Compute usage with Code Repositories（代码仓库(Code Repositories)的计算用量）¶

Running builds in Code Repositories requires the use of Foundry compute, a resource measured in compute-seconds. This documentation details how builds use compute and provides information about investigating and managing compute usage in the product.

When running a transforms build of one or more datasets, Foundry pulls the transform logic into its serverless compute cluster and executes the code. The length and size of the build depends on the complexity of the code, the size of the input and output datasets, and the Spark computation profile set on the code.

The execution of code on input datasets requires Foundry compute (measured in Foundry compute-seconds) when running the parallelized compute and Foundry storage when the outputs of the transformation are written to Foundry Storage. The act of writing code does not incur compute usage; only the building of datasets incurs compute usage.

Measuring Foundry Compute¶

The transforms engine powering Code Repositories uses parallel compute on the backend, most commonly in the Spark scalable computing framework. Transformations in Code Repositories are measured in the total number of Foundry compute-seconds that are used by the job during its runtime. These compute-seconds are measured during the entire duration of the job, which includes the time taken to read from the input datasets, execute the code (including operations such as I/O waits), and writing the output datasets back to Foundry.

You can configure transformations to make use of parallel computation. Compute-seconds are a measure of compute runtime, not wall clock time, and therefore parallel transforms will incur multiple compute-seconds per wall clock second. For a detailed breakdown on how parallelized compute is measured for Foundry compute-seconds for jobs in Code Repositories, review the examples below.

When paying for Foundry usage, the default usage rates are the following:

vCPU / GPU	Usage Rate
vCPU	1
T4 GPU	1.2
V100 GPU	3
A100 GPU	1.3
A10G GPU	1.5
L4 GPU	2.1
H100 GPU	4.7

If you have an enterprise contract with Palantir, contact your Palantir representative before proceeding with compute usage calculations.

Investigating Foundry Compute usage from Code Repositories¶

Usage information can be found in the Resource Management Application, which allows drill-downs on usage metrics.

While builds are the drivers of Foundry Compute usage, that usage is recorded against the long-lived resource to which it is associated. In the case of dataset transformations, the resource is the dataset (or set of datasets) materialized by the job. You can view the timeline of usage on a dataset in the dataset details tab under Resource usage metrics.
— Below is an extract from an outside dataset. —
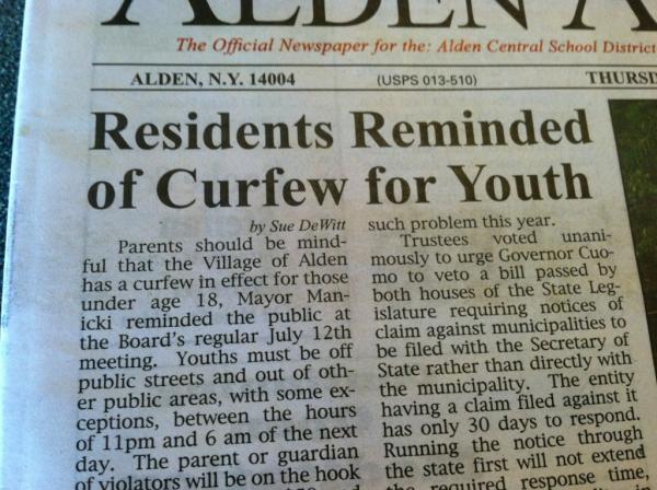 "Residents Reminded of Curfew for Youth" translation: watch your darn kids

Note that for transformations that produce multiple output datasets, the compute usage is equally distributed across all the datasets. For example, if a transformation job creates two datasets, one of which has five rows and the other one five million rows, the number of Foundry compute-seconds will be equally distributed between the two.

Understanding drivers of Foundry Compute usage¶

Unless canceled early, transformations in Code Repositories will run until all logic is run on all data and the outputs are written back to Foundry. The two main factors that affect this runtime are (1) the size of the input data and (2) the complexity of computational operations performed by the transformation logic.
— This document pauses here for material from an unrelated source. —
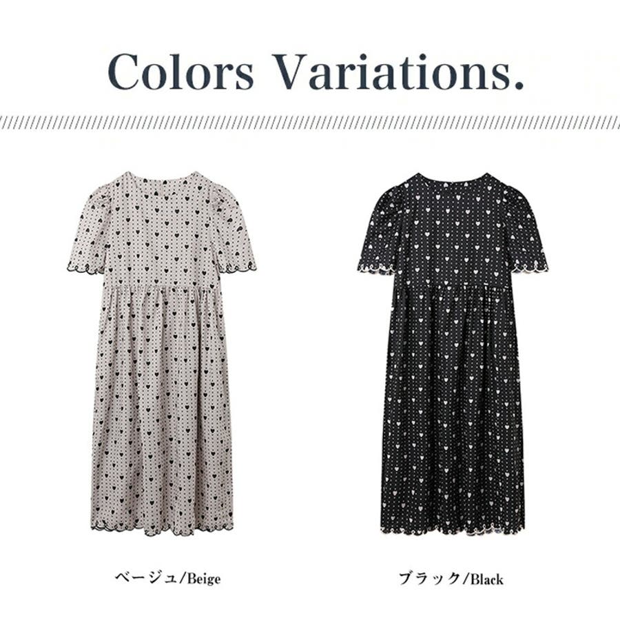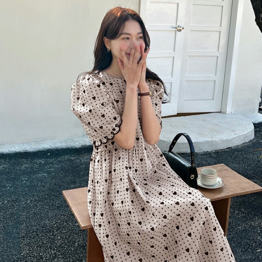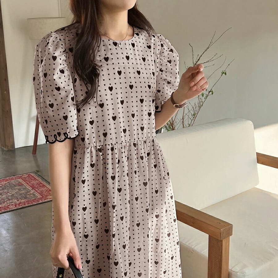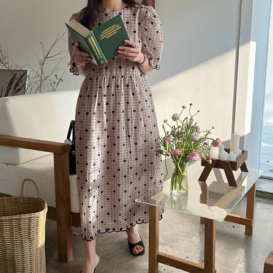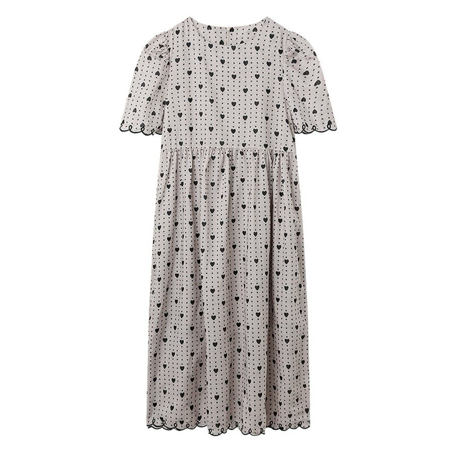 ワンピース ロングワンピース ハート ドット柄 ワンピース 半袖 パフスリーブ スカラップ ミモレ丈 春 夏

Jobs with larger input data sizes will require more compute than jobs with smaller input data sizes if they have the same logic. For example, a job that performs column processing on 100GB of data will use more Foundry compute-seconds than a job performing the same processing on 10GB of data.
Jobs with that perform more complex operations on data will require more compute than jobs that perform comparatively fewer operations. This is sometimes known as "job complexity.”
As a basic example, consider the number of operations between two mathematical operations, 5 * 5 and 5!. 5 * 5 is a single multiplication operation. 5! is equivalent to 5 * 4 * 3 * 2 *1 (four multiplication operations), which is double the complexity of the 5 * 5 example. As jobs get more complex with tasks such as aggregations, joins, or machine learning algorithms, the number of operations a job must complete on the data can grow.

Managing Foundry Compute usage with Code Repositories¶

For each job, you can review the underlying compute metrics that drove the performance and compute usage of the job. For more details, review Understanding Spark Details.
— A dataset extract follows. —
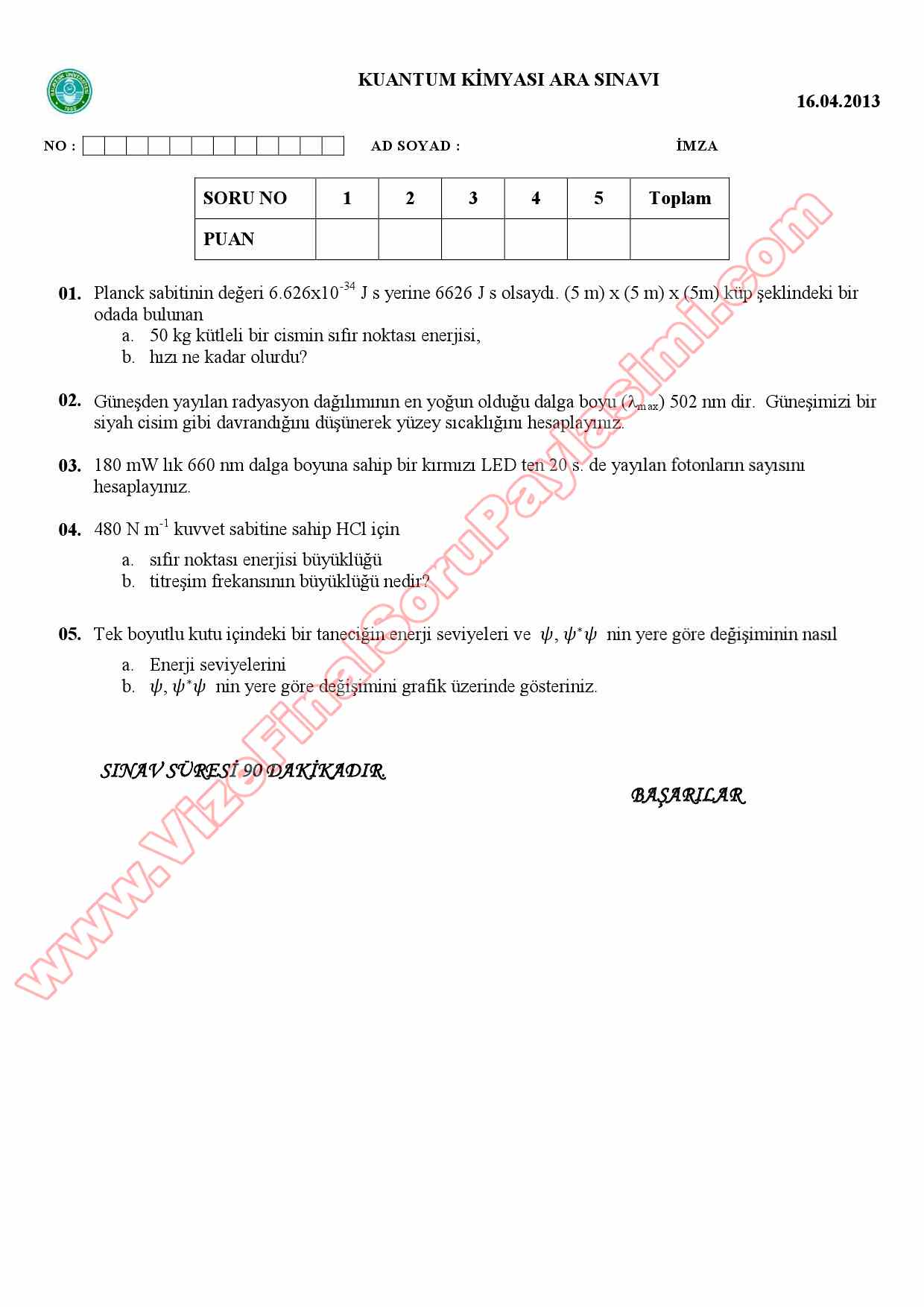 Kuantum Kimyası Vize Soruları ve Cevapları 6-07-2015, 09:23

In a job, Foundry compute-seconds are driven by the size and number of parallelized executors. Both of these settings are fully configurable per job. Review the Spark computation profile documentation for details on how this is set per job. The size of executors is governed by their memory and vCPU counts. Increased vCPU and increased memory per executor will increase the compute-seconds incurred by that executor.

The number of simultaneous tasks is driven by the configured executor counts and their corresponding number of vCPUs. If no configuration overrides are specified, the transformation will use a default Spark profile. Foundry storage for resulting datasets is driven by the size of the dataset being created.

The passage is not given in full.